Over at Bad Astronomy, Phil Plait is irked by the counterpoint that anti-science attitudes permeate the Left just as they do the Right, calling it false equivalence. Certainly it’s not like liberals have no unscientific views and the bedrocks of anti-vaccination sentiment reliably tend to be highly educated liberal towns, and yes they have a thing for quantum woo and post-modernist pretentions but could you really compare them to the organized and deliberate efforts of creationists and religious fundamentalists on the warpath?
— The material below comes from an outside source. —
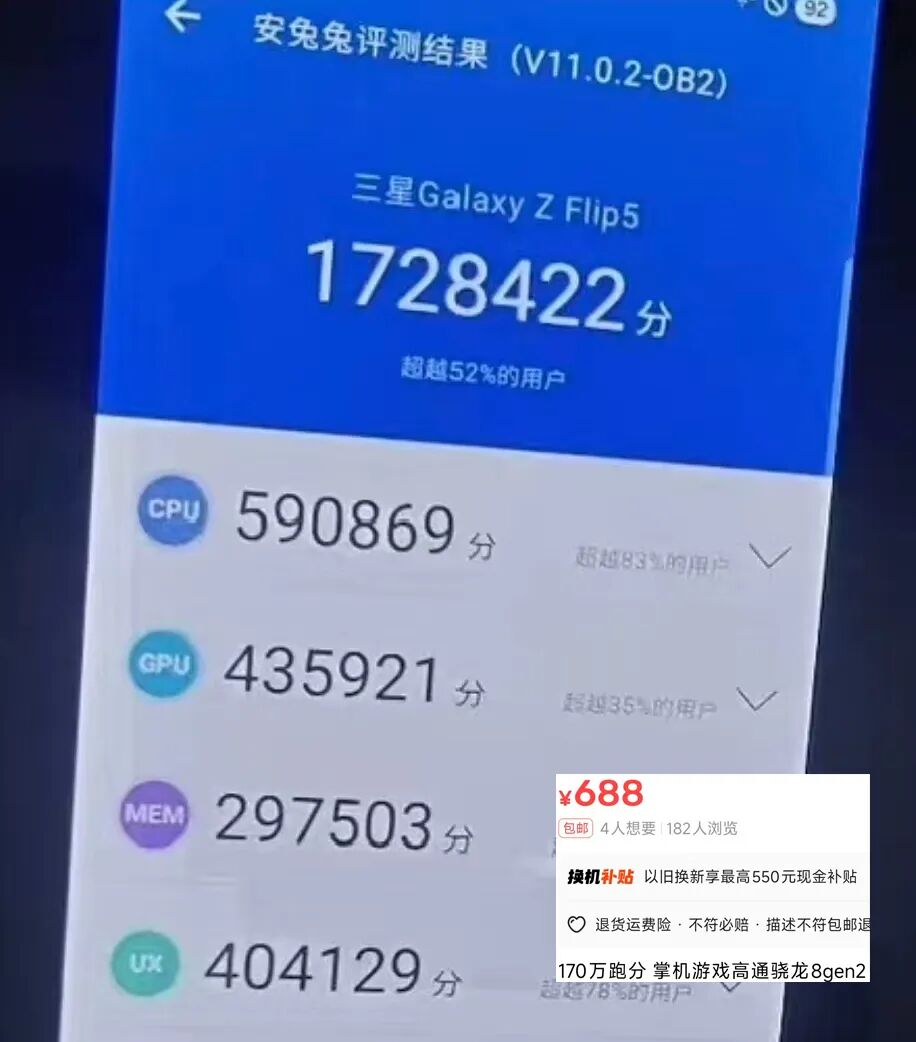 开启风扇后,这个魔改掌机的安兔兔跑分能超过170万,另外还可以用C口转HDMI线外接电视机或显示器当游戏盒子。但这个魔改掌机价格不便宜,闲鱼标价688元,比用三星Flip5魔改的盒子贵多了,希望以后有更多大神跟进,把成品价格打骨折吧。

After all, it’s not like there are groups of people in white flowing robes attending meetings in liberal districts to deride school boards for the blasphemy of teaching their children “the left-brain arrogance of science” instead of “the story of how they were created by Mother Earth as spiritual manifestations” from whatever dimension is all the rage nowadays, so the conservative fundamentalists must be worse, right? Well, no, not exactly. Comparing the anti-scientific attitudes of different cultures isn’t really all that straightforward and there isn’t a simple mitigating factor to use as a trump card in declaring the greater or lesser evil. And in this case, the issue is primarily about focus.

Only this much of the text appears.